To use a custom SELFIES vocabulary, specify `--vocab /path/to/vocab.json`. If omitted, the default vocabulary (`chembed/resources/vocab.json` covering all SELFIES in the PubChem dataset) is used.


#### Fine-tune

Fine-tuning works like [training](#train): 
```
chembed-finetune --train_path my_training_set.csv \
                --validation_path my_validation_set.csv \
                --log_dir my_logs/ \
                --model_name my_finetuned_model \
                --vocab my_vocab.json \
                --checkpath my_logs/my_model/version_0/last.ckpt
```
If `--checkpath` is omitted, the default model from HuggingFace is loaded.
If provided, the vocabulary of the pre-trained model will be expanded to include new tokens from `--vocab`





#### Data pre-processing

We provide multiple data processing scripts to suit different use cases.
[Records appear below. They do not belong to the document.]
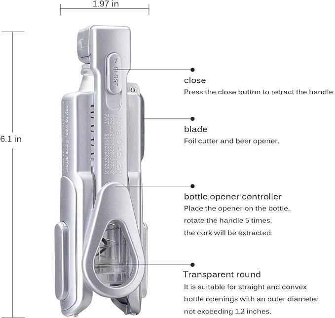 - Multi-Function Opener: 3 in 1 of corkscrew wine opener, wine corkscrew with foil cutter and beer opener.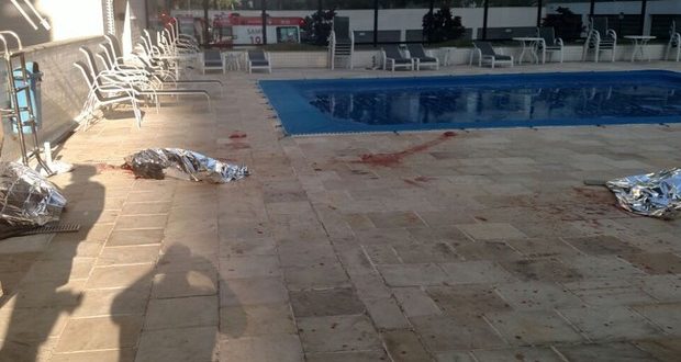 “O que se sabe é que a mulher da vítima estava com cortes no pescoço, morta na cama. Os dois filhos e o homem estavam caídos no vão da piscina. As informações iniciais obtidas no local do crime apontam uma suspeita inicial de que ele teria matado a mulher com golpes de faca, jogado as duas crianças e depois se jogado. Mas não descartamos outras linhas”, explicou o delegado.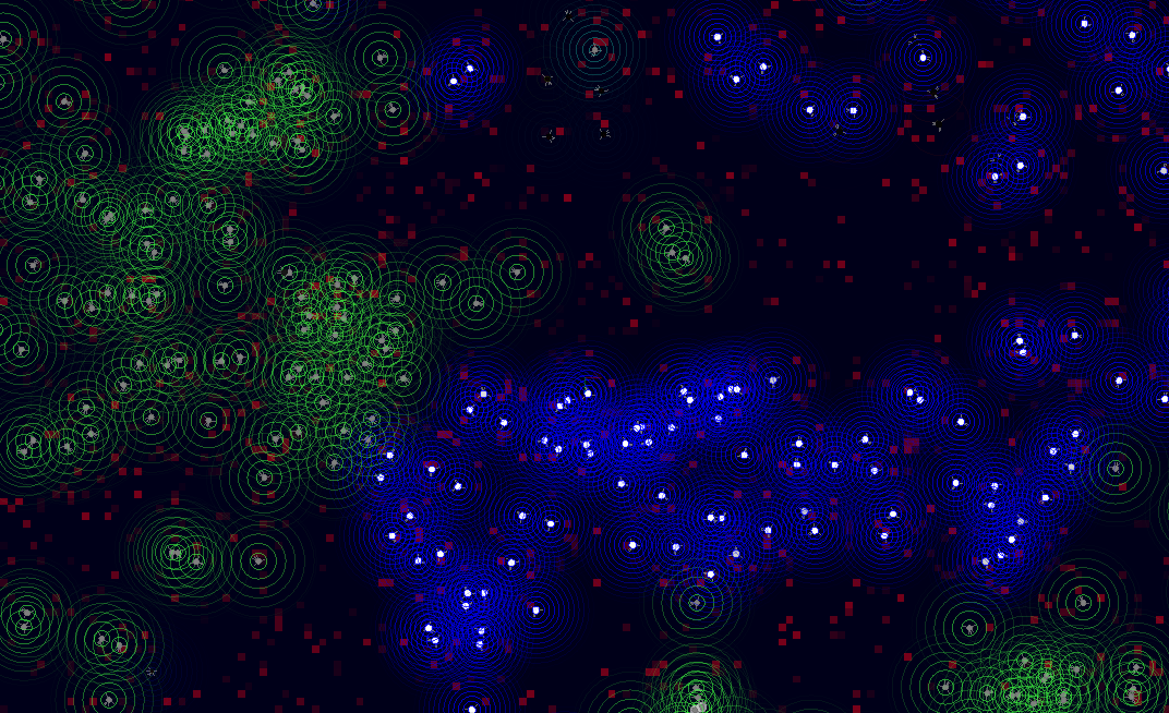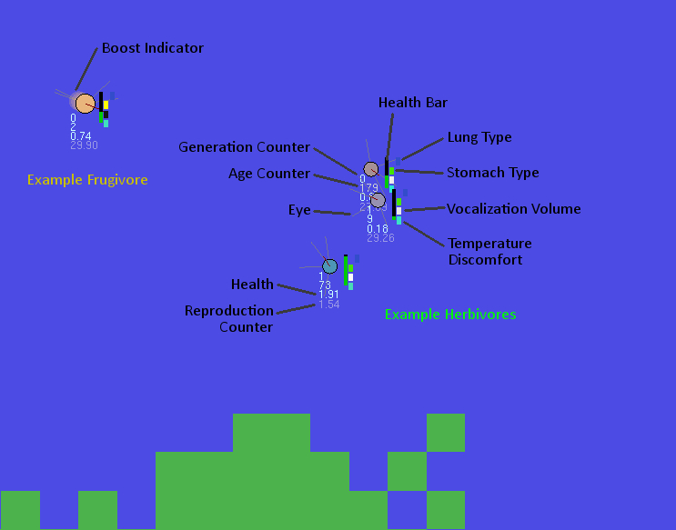 The basics of the sim are a large physical 2d space (the World) wherein bots (also known as agents) can interact with the world and each other, and attempt to persist. Each bot has a health bar, in the range (0,2], that allows them to continue operating. Their behaviors are widely varied, and are dictated by the Brain, a single-layered recursive network of Boxes. These boxes forward information (in the form of floating decimal values) from the senses via inputs, thru various biased, weighted, damped, and frozen connections, to the outputs, which directly control the movement and activity of the bots.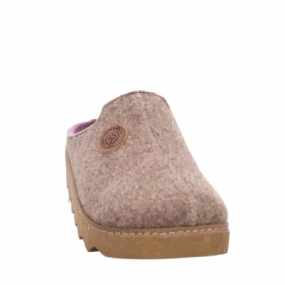 Rohde Easys N°35 hjemmesko til dame i beige. Glid ind i ren komfort med disse hjemmesko, der omslutter dine fødder med blødhed og varme fra top til tå. Fremstillet med en overdel og udtagelig indersål i filt, er disse clogs både åndbare og behagelige, hvilket sikrer et optimalt fodklima. Den lette og fleksible PU-sål i korkoptik tilbyder fremragende stødabsorbering og er skridsikker, hvilket gør dem ideelle til daglig brug. Filtoverdelen i to farver er ikke kun varm og stilfuld, men også vandafvisende, hvilket gør skoen ekstra praktisk. Med en bredde i G-pasform får du både komfort og perfekt støtte til dine fødder hele dagen.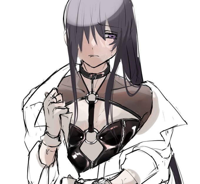 普段見えてる腕の部分もボンテージが見えるようにしたくて加筆した、、、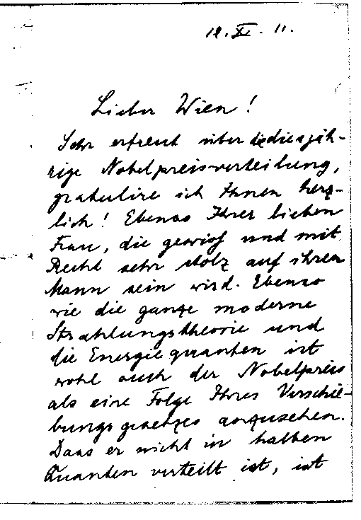 AS gratuliert Wien zum Nobelpreis; Wortspielerei mit Quanten; fragt nach »Solvay-Photographien«.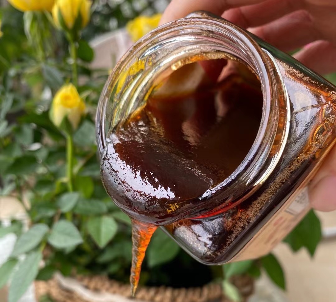 一、核心制作工艺:山楂,茯苓,麦芽,大枣,山药,鸡内金浸泡熬煮很久,过滤出药渣,才加入老冰糖浓缩成膏。所以我们的山楂茯苓膏不但非常浓郁,而且成品膏体也是呈现出棕红色,不是市面上一般麦芽糖版的黑色。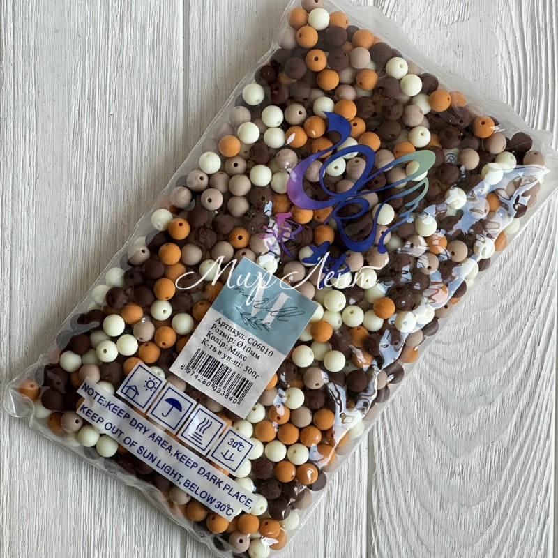 Бусина матова "Зефірка", 10 мм, коричневий мікс, упаковка 500 грам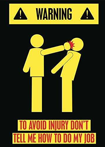 -. Title : Warning To Avoid Injury Don't Tell Me How To Do My Job Funny Bright Caution Picture Black Background Poster Wall Sign

Standardize SMILES and add SELFIES to an existing SMILES dataset:
```
python scripts/add_selfies.py --input_file dataset.csv --output_file dataset_with_selfies.csv
```

Build a SELFIES vocabulary:
```
python scripts/build_vocab.py dataset_with_selfies.csv vocab.json
```

Compute molecular properties (all RDKit descriptors are supported):
```
python scripts/add_properties.py --input_file dataset_with_selfies.csv \
                                --output_file dataset_with_properties.csv \
                                --properties MolWt MolLogP TPSA BertzCT Kappa1 Kappa2 Kappa3
```

Preprocess properties (clip values, standardize, generate stats):
```
python scripts/preprocess_properties.py dataset_with_properties.csv dataset_with_standardized_properties.csv \
                                        --properties_to_clip Kappa2 Kappa3 \
                                        --properties_to_normalize MolWt MolLogP TPSA BertzCT Kappa1 Kappa2 Kappa3 \
                                        --output_stats property_statistics.json
```

Precompute fingerprints:
```
python scripts/precompute_fingerprints.py dataset_without_fingerprints.csv --output_file dataset_with_fingerprints.csv
```

Split train/test:
```
python scripts/split_random_train_test.py dataset_with_selfies.csv --output_train my_train_set.csv --output_test my_test_set.csv
```


Oversample rows with rare SELFIES tokens:
```
python scripts/get_overall_token_counts train.csv token_counts.json
python scripts/duplicate_samples_given_token_frequencies.py train.csv \
                                                            --a 1e-5 \
                                                            --token_counts token_counts.json
```




## Dataset

The raw dataset used for training and evaluation is hosted on Zenodo: [10.5281/zenodo.17277040](https://doi.org/10.5281/zenodo.17277040). It contains standardized SMILES, SELFIES, and raw molecular property values. To process it for training:
```
python scripts/preprocess_properties.py train.parquet \
                                        --properties_to_clip Kappa2 Kappa3 \
                                        --properties MolWt MolLogP TPSA BertzCT Kappa1 Kappa2_clipped Kappa3_clipped \
                                        --output_stats property_statistics.json
python scripts/get_overall_token_counts train.parquet token_counts.json
python scripts/split_random_train_test.py train.parquet \
                                        --test_size 0.2 \
                                        --output_train train_train.parquet \
                                        --output_test train_validation.parquet
python scripts/duplicate_samples_given_token_frequencies.py train_train.parquet \
                                                            --a 1e-5 \
                                                            --token_counts token_counts.json
```



## Support

Found a bug? Have a feature request? Use the [issues tab](../../issues)!
We welcome feedback.



## License

This project is licensed under the MIT License.
See the [LICENSE](LICENSE.txt) file for details.